Light vehicle re-identification method based on multi-source information fusion

Technical Field

The embodiment of the invention relates to the field of computer vision and pattern recognition, in particular to a lightweight vehicle re-recognition method based on multi-source information fusion.

Background

The vehicle re-identification refers to the problem of judging whether the vehicle images shot in the non-overlapping area belong to the same vehicle or not under the traffic monitoring scene in a specific range, and has very important practical application value. Vehicle re-identification has a very wide range of applications such as vehicle tracking, vehicle positioning, criminal detection, etc.

Besides factors such as illumination change, angle change and shielding, the vehicle re-identification still has special difficulties, and single sensor data can be limited by environmental conditions such as rainy days, foggy days and the like, and the existing vehicle re-identification method has the problem of insufficient identification precision for the environmental limitations. The data (such as images, point clouds and radar data) from different sensors have different characteristics, and the multi-source information fusion can fuse the characteristics to generate more comprehensive and rich characteristic representations, so that the recognition performance is improved. At present, complex depth network models are mostly adopted in a vehicle re-identification algorithm based on multi-source information, so that the quantity of calculation parameters in an inference stage is large, the vehicle re-identification inference speed is restricted, and the popularization and application of vehicle re-identification in an actual traffic monitoring system are limited.

Disclosure of Invention

Aiming at the problems that the identification accuracy is not high and the parameter quantity of a multi-sensor algorithm is overlarge when single sensor data is limited by environmental conditions in the existing vehicle re-identification technology, the invention provides a light-weight vehicle re-identification method based on multi-source information fusion, which comprises the steps of constructing a mixed attention module for multi-source information attributes, carrying out fusion learning on multi-source information obtained by different sensors to obtain more comprehensive and accurate information, and combining a more reasonable knowledge distillation method, thereby effectively improving the identification accuracy of vehicle re-identification and simultaneously considering the light weight and robustness of a model; high quality re-recognition can be achieved even with limited computing resources, thereby providing more flexibility for various application scenarios.

In order to achieve the above object, the embodiment of the present invention provides the following technical solutions:

a lightweight vehicle re-identification method based on multi-source information fusion comprises the following steps:

s11, constructing a neural network; the neural network comprises two ResNet50 networks, a local feature fusion network and a mixed attention module which are connected in sequence; each ResNet50 network is connected with a source diagram respectively; the source map comprises a vehicle depth map or an infrared map;

s12, performing joint training on the neural network by using the supervision comparison loss and the multisource information identification loss until convergence to obtain a teacher network; selecting a model with smaller calculation amount and smaller parameter amount than the teacher network as a student network;

s13, supervising the student network by using interlayer information of a teacher network through knowledge distillation, training until convergence, and obtaining a light vehicle re-identification model;

s14, calculating the feature similarity between the target vehicle image and the vehicle images in the candidate library based on the light vehicle re-identification model, and outputting a re-identification result according to the similarity.

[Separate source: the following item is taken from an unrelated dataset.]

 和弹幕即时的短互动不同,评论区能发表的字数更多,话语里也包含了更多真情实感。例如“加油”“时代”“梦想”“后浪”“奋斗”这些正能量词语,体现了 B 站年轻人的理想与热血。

Preferably, in S11, the local feature fusion network includes a feature channel stitching unit, a 1×1 convolution unit, a first semantic focusing unit, a second semantic focusing unit, and a feature fusion unit; the output characteristic diagram of one ResNet50 network and the output characteristic diagram of the other ResNet50 network are spliced through a characteristic channel splicing unit to obtain a spliced characteristic diagram; the spliced features are subjected to a 1 multiplied by 1 convolution unit to obtain a convolution feature diagram; the output feature map and the convolution feature map of the ResNet50 network are multiplied element by element through a first semantic focusing unit to obtain a first semantic focusing feature map; the output feature map and the convolution feature map of the other ResNet50 network are multiplied element by element through a second semantic focusing unit to obtain a second semantic focusing feature map; the first semantic focusing feature map and the second semantic focusing feature map are added element by element through a feature fusion unit to obtain a double-source information fusion feature map; and outputting the double-source information fusion feature map to a mixed attention module.

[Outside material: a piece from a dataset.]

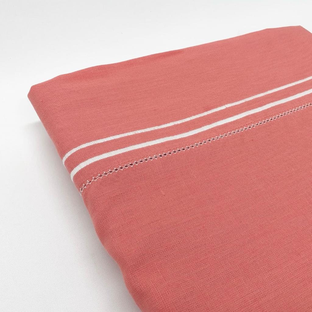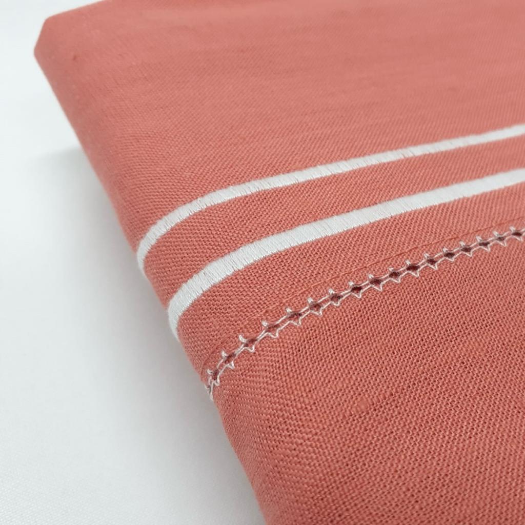 Toalha de mesa em linho com acabamento de ponto aberto e dois rolinhos em linha branca.

Preferably, in S11, the mixed attention module includes a channel attention and a spatial attention; the method comprises the steps that a double-source information fusion feature map output by a local feature fusion network is subjected to feature extraction through a convolution layer, the obtained feature map is operated through a channel attention module and multiplied by convolution output, and a result is used as an input feature map of a spatial attention module; the input feature map is multiplied by the output obtained through the spatial attention module, the semantic focusing is carried out, the attention force diagram is obtained, and finally the dual-source information fusion feature map and the attention force diagram are added element by element, so that the mixed attention feature is obtained.

Preferably, the channel attention and the spatial attention are expressed as follows:

wherein,representing channel attention; />Representing spatial attention; />An input feature map representing channel attention; />An input feature map representing spatial attention; />Representation->Activating a function; />Representing a convolution operation; />Representing a multi-layer perceptron; />And->Mean pooling and maximum pooling are indicated, respectively.

Preferably, in S11, the shared feature extraction network employs a res net50 with a network structure of [64, 'M', (64,64,256) ×3, (128,128,512) ×4, (256,256,1024) ×6, (512,512,2048) ×3], where each digit represents a three-layer structure of convolution+batch normalization+relu activation function, the digit size represents the number of channels of the convolution layer, 'M' represents maximum pooling, and x N represents the same number of convolutions block repetitions.

Preferably, in S12, the data set used for training and testing is SVMD, and MobileNet with a parameter number of res net50 below 20% is selected as the student network.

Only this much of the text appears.